MODELING OF MATERIAL NONLINEARITIES IN STEEL STRUCTURES SUBJECTED TO TRANSIENT DYNAMIC LOADING

This paper is concerned with the modelling of the behaviour of steel under cyclic and dynamic loading conditions. After a general discussion regarding the requirements for accurate and efficient modelling in dynamics, two models are described and implemented. The bilinear stress strain constitutive relationship with kinematic hardening is widely used in many computer codes, hence is used for 'control' purposes. The multisurface plasticity model is said to exhibit the important qualities of strain hardening, softening and relaxation to a mean stress. This model is described in detail and notes on model parameter evaluation are given.
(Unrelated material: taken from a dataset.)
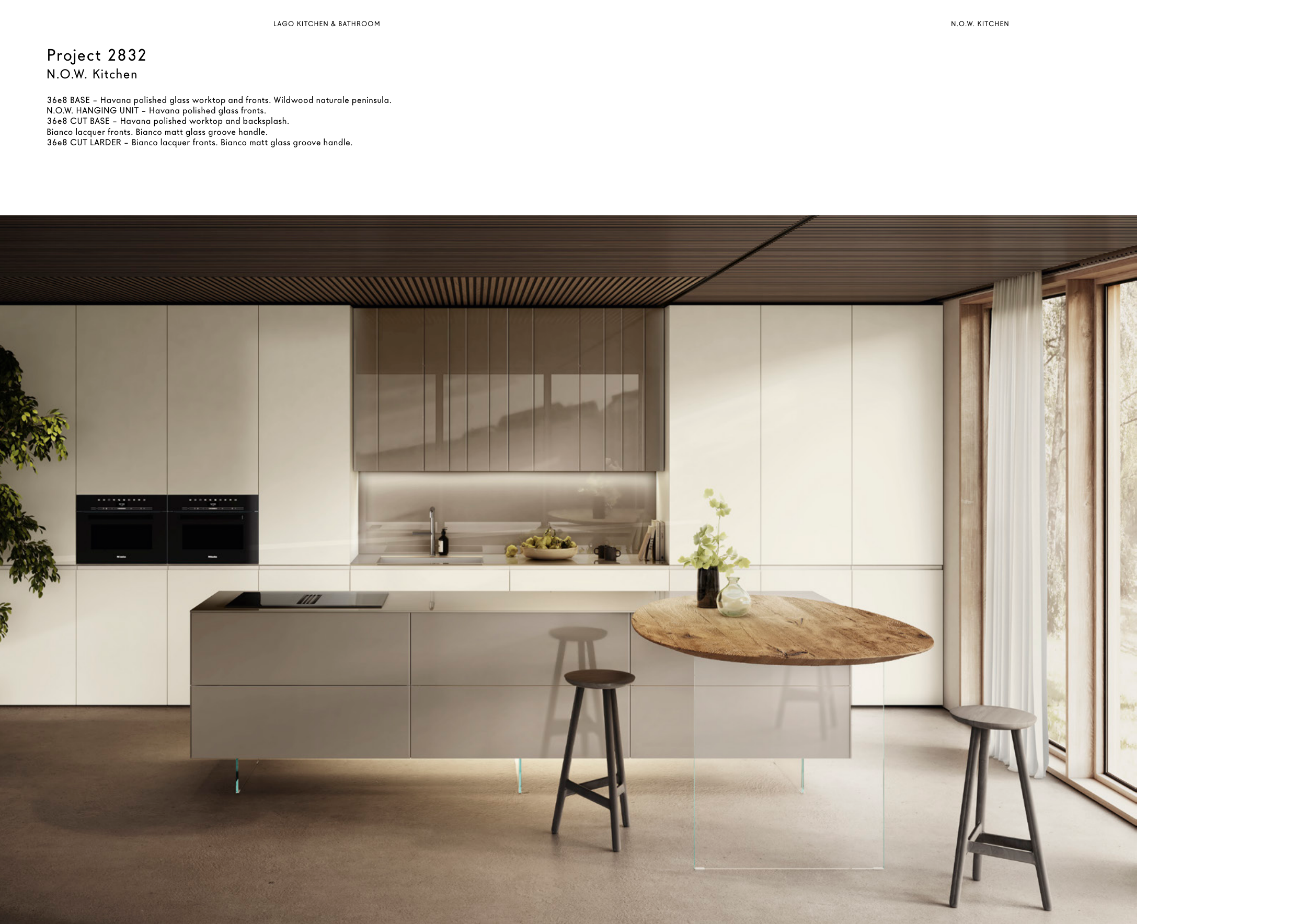 36e8 CUT LARDER – Bianco lacquer fronts. Bianco matt glass groove handle.

A number of validation examples are presented, due to the complexity of implementation of the multisurface formulation. This is followed by comparisons between the bilinear response predictions and those of the multisurface model for cyclic and dynamic tests on beam-columns. It is concluded that in the absence of material test data under cyclic loading, the bilinear model provides acceptably accurate response predictions. However, the multisurface model provides a significantly closer fit to experimental results, due to its ability to model a yield plateau and a non-linear strain-hardening regime as well as cyclic degradation. It can also be used for new types of steel where no distinct yield point is observed.